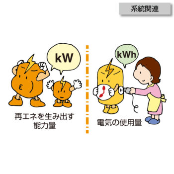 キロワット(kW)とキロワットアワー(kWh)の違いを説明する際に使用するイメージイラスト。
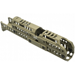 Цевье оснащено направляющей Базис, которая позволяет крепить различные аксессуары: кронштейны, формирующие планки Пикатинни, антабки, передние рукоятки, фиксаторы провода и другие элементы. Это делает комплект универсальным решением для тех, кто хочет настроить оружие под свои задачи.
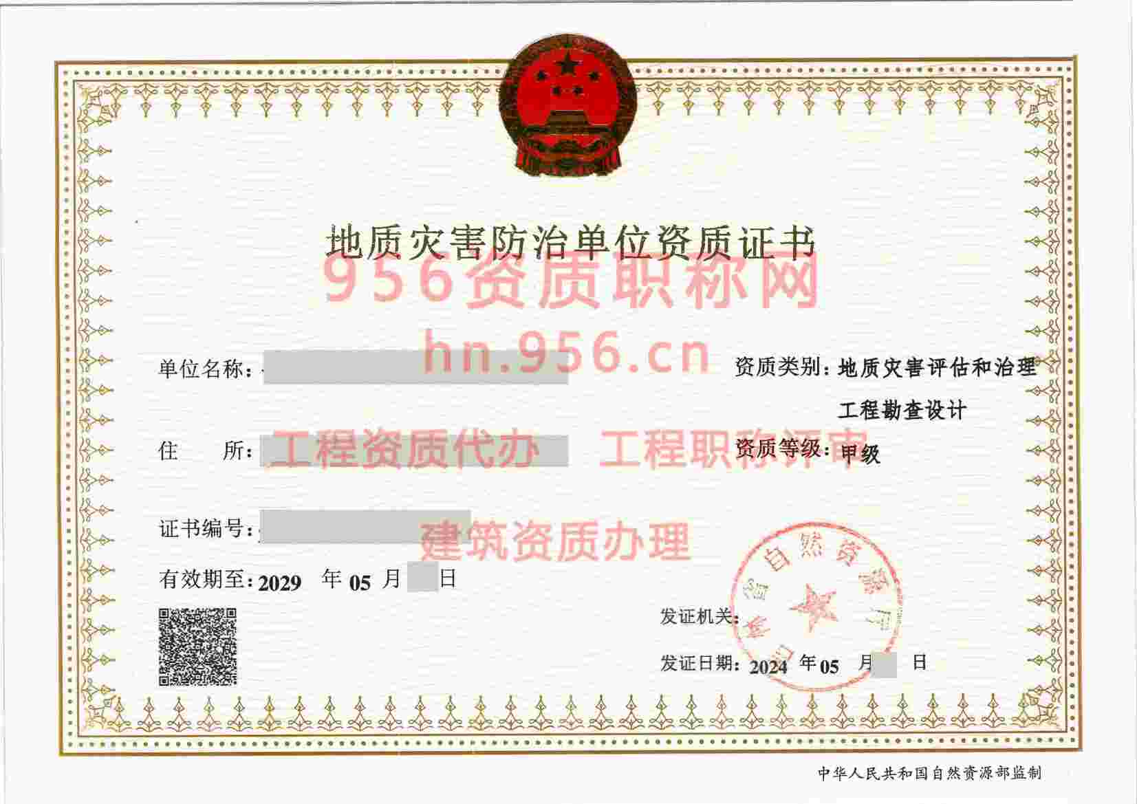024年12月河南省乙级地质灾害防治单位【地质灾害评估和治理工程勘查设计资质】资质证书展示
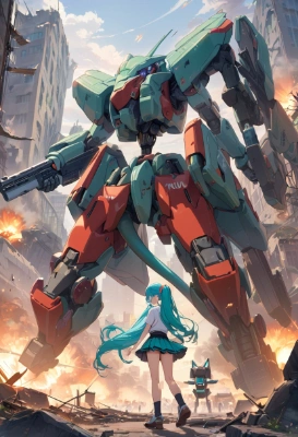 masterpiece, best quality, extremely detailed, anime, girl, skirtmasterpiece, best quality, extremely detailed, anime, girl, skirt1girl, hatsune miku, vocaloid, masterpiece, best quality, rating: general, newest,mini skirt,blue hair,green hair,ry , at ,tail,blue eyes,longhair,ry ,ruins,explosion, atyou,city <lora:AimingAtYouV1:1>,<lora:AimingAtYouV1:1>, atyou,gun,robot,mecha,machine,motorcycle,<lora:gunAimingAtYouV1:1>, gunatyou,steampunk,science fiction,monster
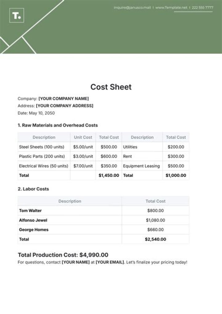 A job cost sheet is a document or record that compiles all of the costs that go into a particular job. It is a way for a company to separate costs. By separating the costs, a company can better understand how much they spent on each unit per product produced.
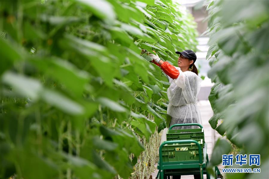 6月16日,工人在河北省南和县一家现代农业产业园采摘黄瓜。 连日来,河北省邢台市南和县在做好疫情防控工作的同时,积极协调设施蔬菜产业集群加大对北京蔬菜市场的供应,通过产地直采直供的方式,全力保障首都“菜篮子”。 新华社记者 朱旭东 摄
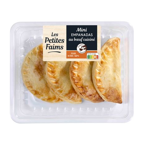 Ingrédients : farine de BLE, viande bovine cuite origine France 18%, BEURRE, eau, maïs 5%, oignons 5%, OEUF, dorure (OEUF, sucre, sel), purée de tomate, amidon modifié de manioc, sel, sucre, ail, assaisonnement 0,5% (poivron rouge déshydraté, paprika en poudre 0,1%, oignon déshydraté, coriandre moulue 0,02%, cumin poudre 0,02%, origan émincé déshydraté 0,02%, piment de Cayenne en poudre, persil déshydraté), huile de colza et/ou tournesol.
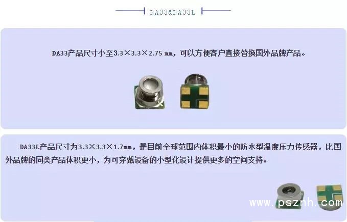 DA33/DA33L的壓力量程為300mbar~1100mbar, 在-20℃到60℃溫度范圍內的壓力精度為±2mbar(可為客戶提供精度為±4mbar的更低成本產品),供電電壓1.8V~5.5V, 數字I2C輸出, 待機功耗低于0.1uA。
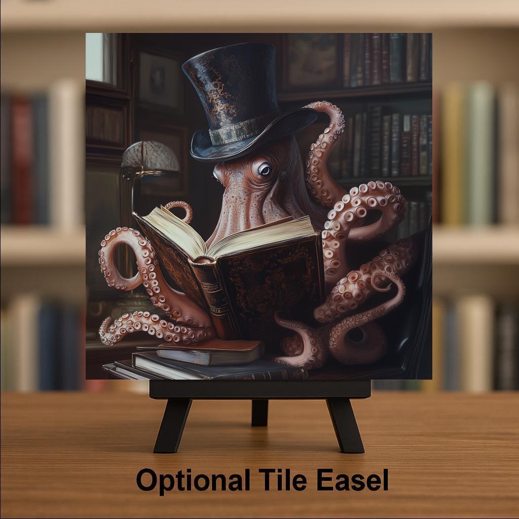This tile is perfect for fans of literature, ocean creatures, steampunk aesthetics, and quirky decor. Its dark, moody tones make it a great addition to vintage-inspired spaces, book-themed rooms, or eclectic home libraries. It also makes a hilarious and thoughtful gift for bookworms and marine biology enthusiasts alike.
---
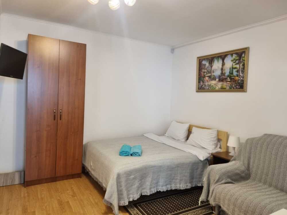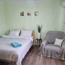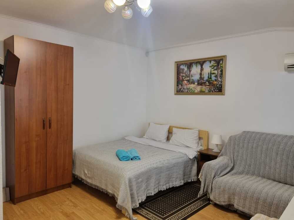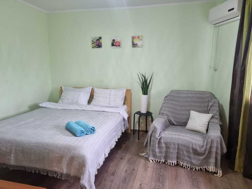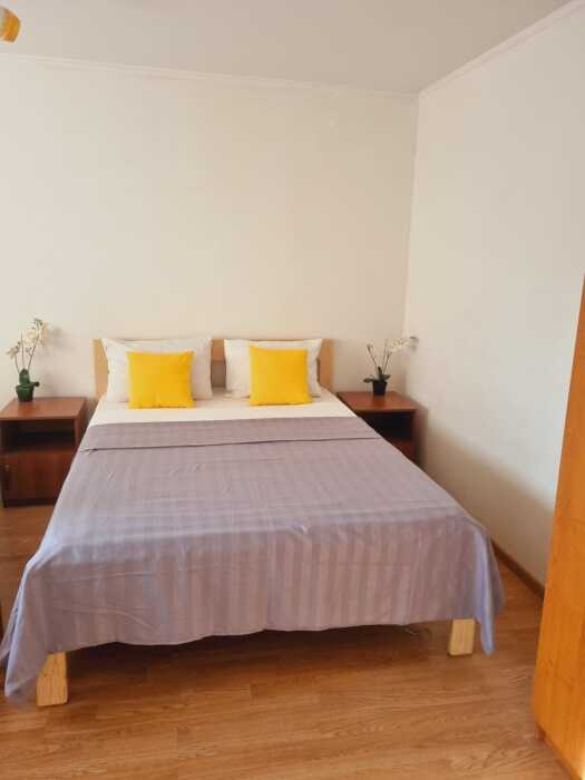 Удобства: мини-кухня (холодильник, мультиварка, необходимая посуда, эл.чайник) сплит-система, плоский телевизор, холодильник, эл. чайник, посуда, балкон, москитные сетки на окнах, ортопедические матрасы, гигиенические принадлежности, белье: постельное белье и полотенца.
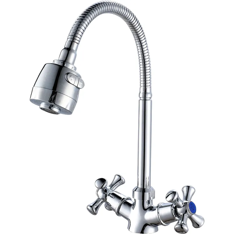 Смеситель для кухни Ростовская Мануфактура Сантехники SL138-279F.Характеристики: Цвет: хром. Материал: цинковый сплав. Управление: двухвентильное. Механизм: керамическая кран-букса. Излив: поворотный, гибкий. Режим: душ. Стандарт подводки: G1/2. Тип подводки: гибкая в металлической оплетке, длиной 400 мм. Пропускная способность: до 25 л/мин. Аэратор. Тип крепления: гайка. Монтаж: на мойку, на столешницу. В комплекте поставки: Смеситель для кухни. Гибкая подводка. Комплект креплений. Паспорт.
...
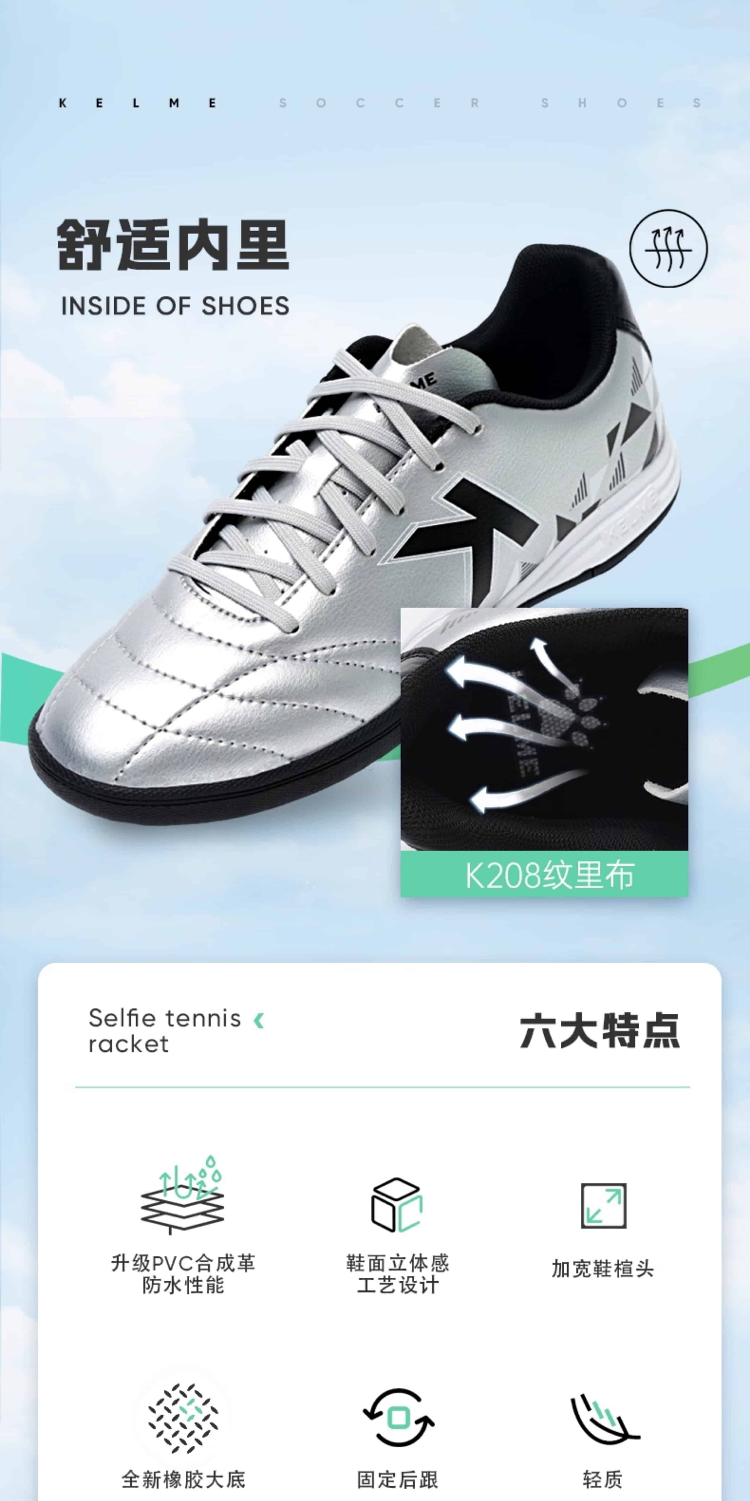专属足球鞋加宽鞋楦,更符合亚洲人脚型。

WHAT THE TASK REQUIRES: Every line above between the one containing "キロワット(kW)とキロワッ" and the one containing "Цевье оснащено направляющей", those two included, is to be printed exactly. No pictures go into the copy.

ANSWER BOX:
 キロワット(kW)とキロワットアワー(kWh)の違いを説明する際に使用するイメージイラスト。
 Цевье оснащено направляющей Базис, которая позволяет крепить различные аксессуары: кронштейны, формирующие планки Пикатинни, антабки, передние рукоятки, фиксаторы провода и другие элементы. Это делает комплект универсальным решением для тех, кто хочет настроить оружие под свои задачи.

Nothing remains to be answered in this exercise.